Xi Jinping's Long March
Struggle sessions continue as India charts its own path: A framework for understanding US-China relations
In 2022, I believed that China’s economy would recover slowly, but I did not predict that the current slump would last this long. I underestimated the brittleness of Chinese policymaking, rooted more in politics and dogma than in the principles of economics.
China was once the driver of global growth. Now there is little doubt that its economy is slowing. We just don’t know how much and how fast, because reliable data is getting harder to find. It sometimes even contradicts itself, as trade economist Brad Setser explains:
Is China's external surplus small and receding (as the IMF argues) or large and if anything growing as China relies on exports to offset its real estate downturn?There is no consensus, in large part because important data sets diverge.1
A New Long March in the Wrong Direction
If China is heading in the wrong direction in terms of economic policy, there is no reason for competitors to celebrate. Much depends on Washington’s response to Beijing, while India is poised to benefit either way.
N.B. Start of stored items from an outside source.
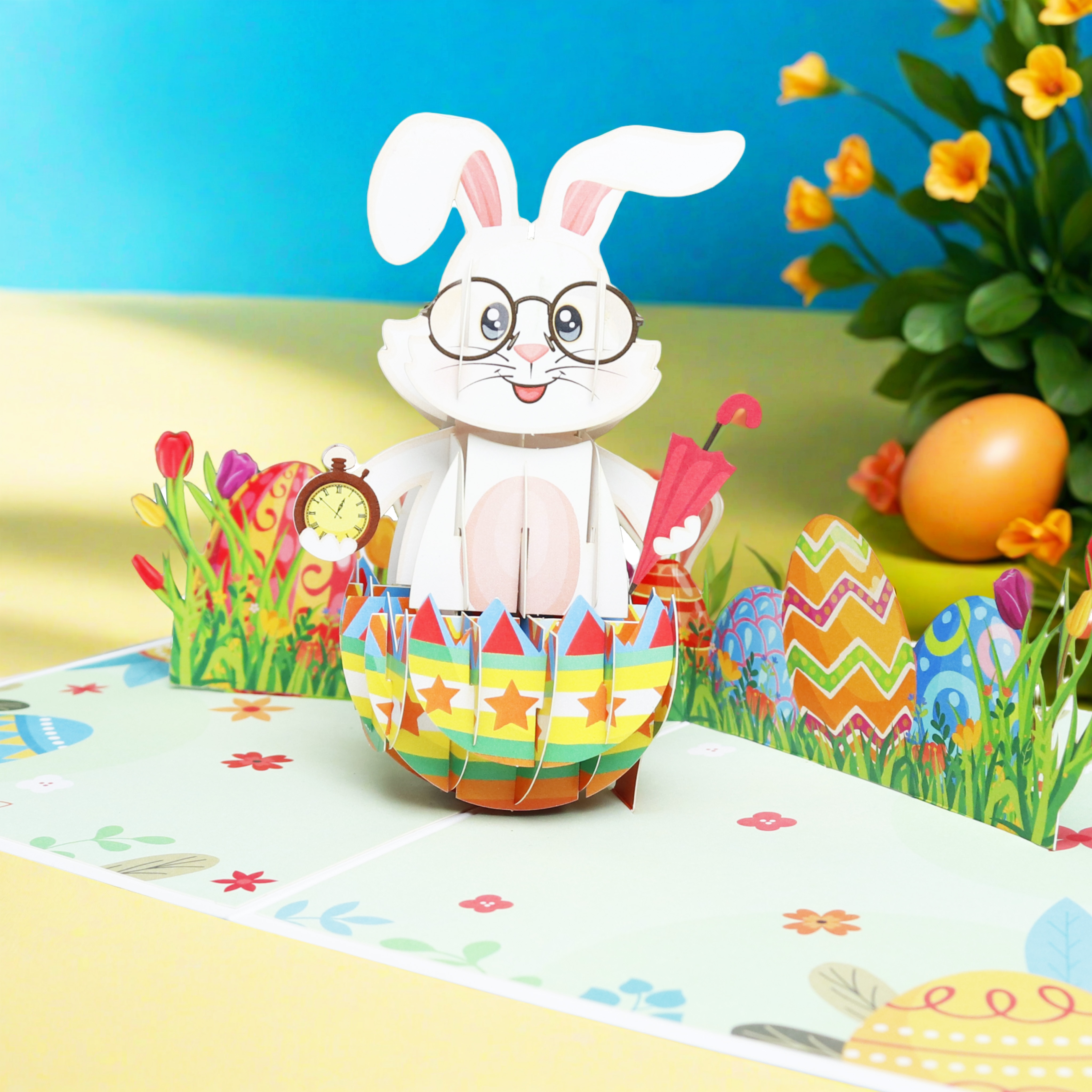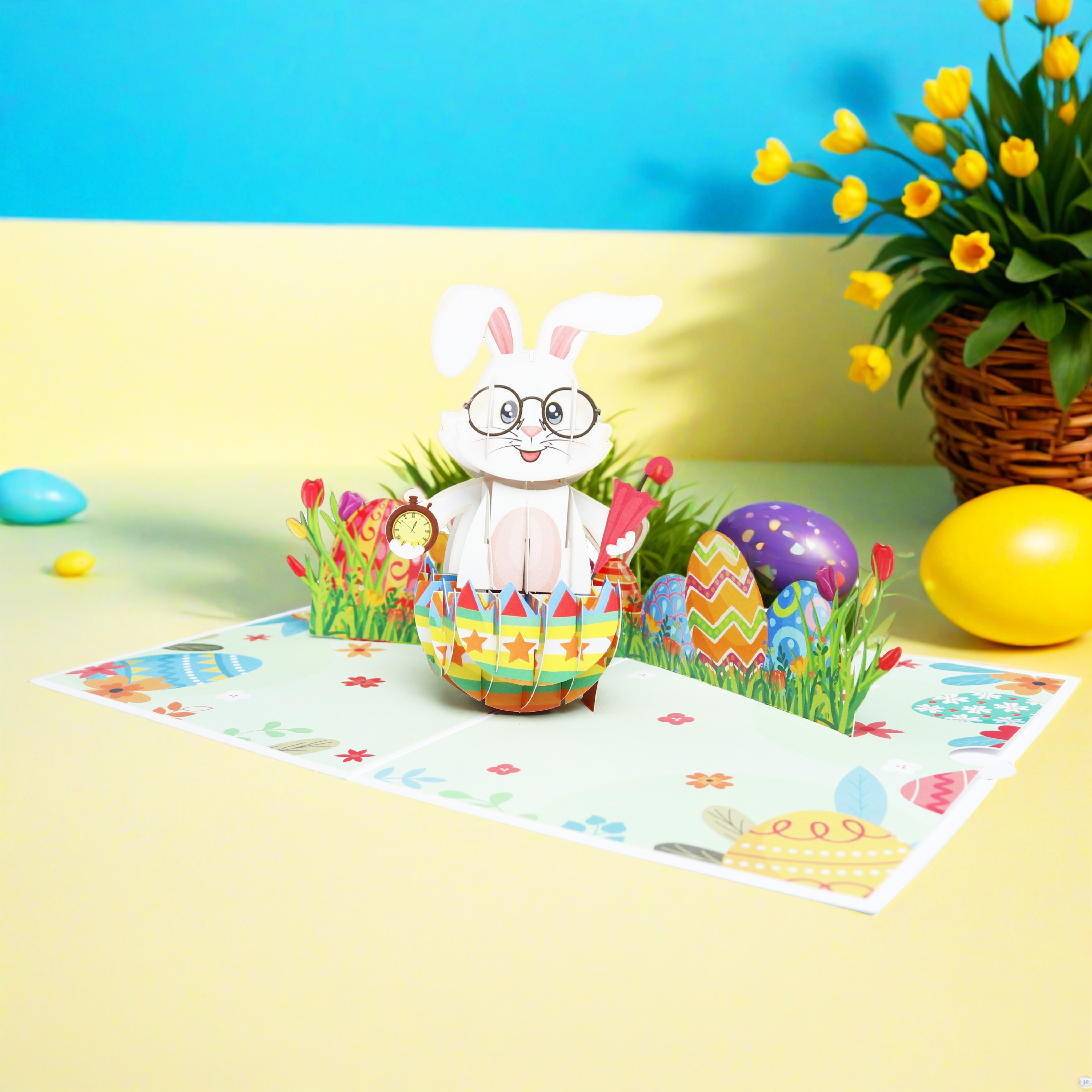 3D Pop-Up Easter Bunny Card: Features a glasses-wearing bunny in a colorful egg, paired with decorated eggs and spring floral details. The layered 3D design creates vivid festive vibes, ideal for Easter greetings. Doubles as a decorative table piece, 4×6 inches (includes envelope & protective sleeve). A charming, playful gift for kids and families to celebrate the Easter season.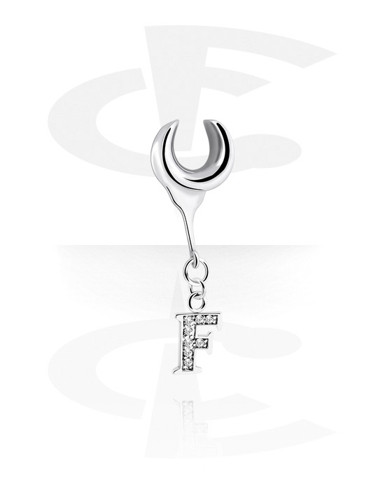 Puolitunneli (kirurginen teräs, hopea, kiiltävä pinta) kanssa riipus jossa F-kirjain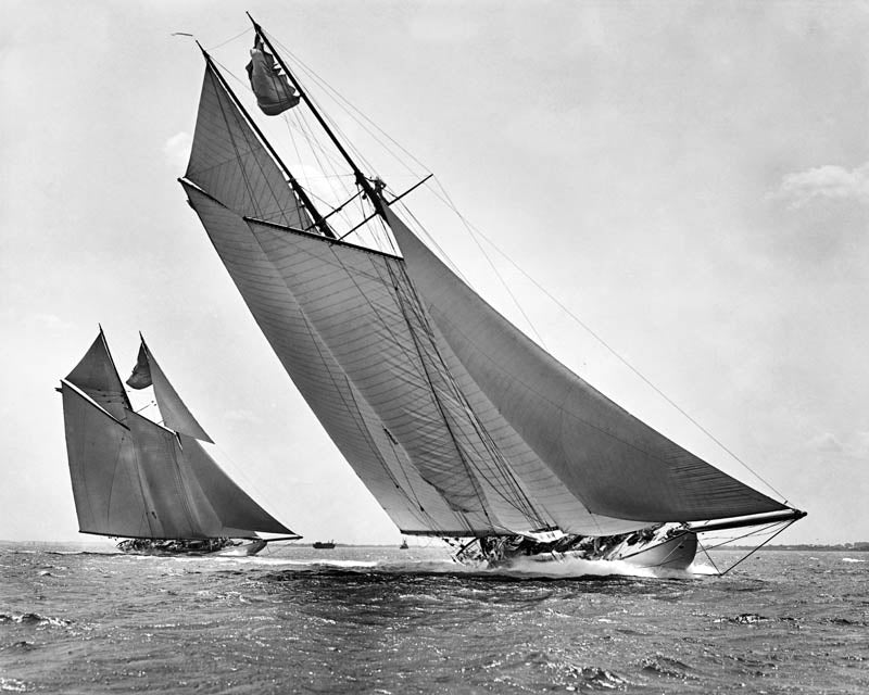 Photographed by James Burton on July 27, c. 1908. Image of the 127' Herreshoff schooner INGOMAR (built 1903 in Bristol, R.I.) and the 125' Smith-designed and Lawley-built schooner ELMINA (built 1905 in Neponset, MA) racing the first round.
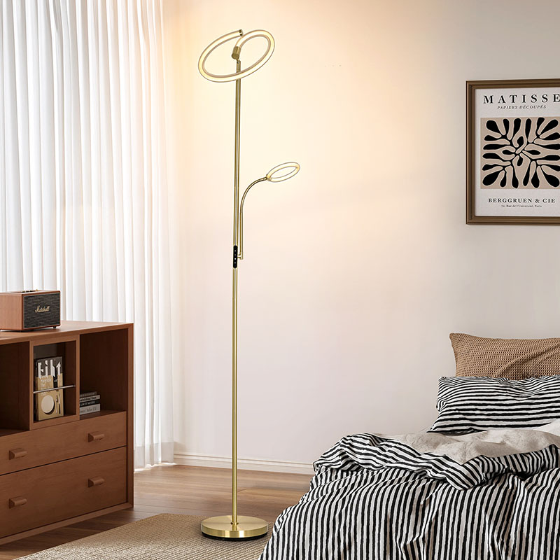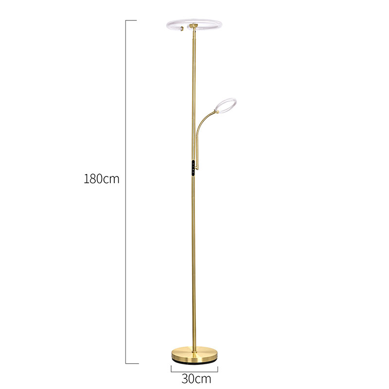 Luxusní zlatá stojací lampa do obývacího pokoje je vyrobena z vysoce kvalitního zlatého kovového materiálu s jednoduchým, ale luxusním celkovým designem. Kovový materiál byl jemně leštěn a ošetřen, s hladkým a jemným povrchem a jemným leskem, který předvádí ušlechtilou a elegantní atmosféru. Ať už je umístěn v obývacím pokoji, ložnici nebo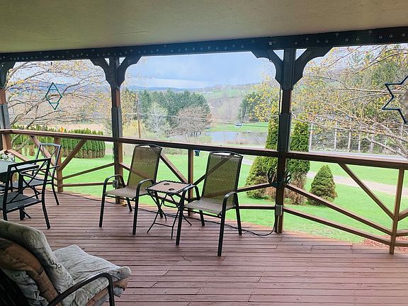 Out of town far enough for country living yet close enough for convenience. Here's a beautiful 3 bdrm. ranch home nestled on 5 acres with a picturesque view. This home is full of charm with high end finishes like custom kitchen cabinets, granite countertops, and a unique staircase. Relax or entertain in the full finished basement that offers a large family room, a back den that would be perfect as a 4th bedroom, and a full bathroom The covered front porch is large enough for dinner gatherings and yet peaceful enough for morning coffee. The detached 2 car garage has a large workshop set up for wood working. Come enjoy the view of the "Endless Mountains" and the peaceful sounds of nature.

The US should lead, not follow, in order to successfully adapt to a multipolar 21st century. However, in both countries, political considerations tend to outweigh economic issues which are poorly understood. We might be seeing overcapacity in tradable goods, but there is definitely undercapacity in leadership in both countries able to understand how trade, and the global economy work.
China’s current path is reminiscent of ill-begotten Mao-era measures which massacred sparrows and turned farm and cooking implements into micro steel smelters. The result was famine for tens of millions. Is Xi Jinping leading China on a new Long March to a more insular, uncertain, and less prosperous future?
Observers looking for new fiscal stimulus coming out of the Third Plenum in July were disappointed.2 It seems the time for the cash handouts which worked in the US has passed.3 And no relief was granted to assist purchasers cheated by real estate developers, inaction justified by government concern over moral hazard. The problem however was caused by property developers, many of whom have already been punished. Buyers had reason to believe that it is the government’s job is to regulate illegal behavior and protect its citizens.
In fact, the structural issues that spurred massive overdevelopment in the property sector were always under the control of the central government. Cities and provinces, starved of tax revenue, naively resorted to investment in real estate, with a predictable result: a massive bubble that has destroyed billions of dollars of assets.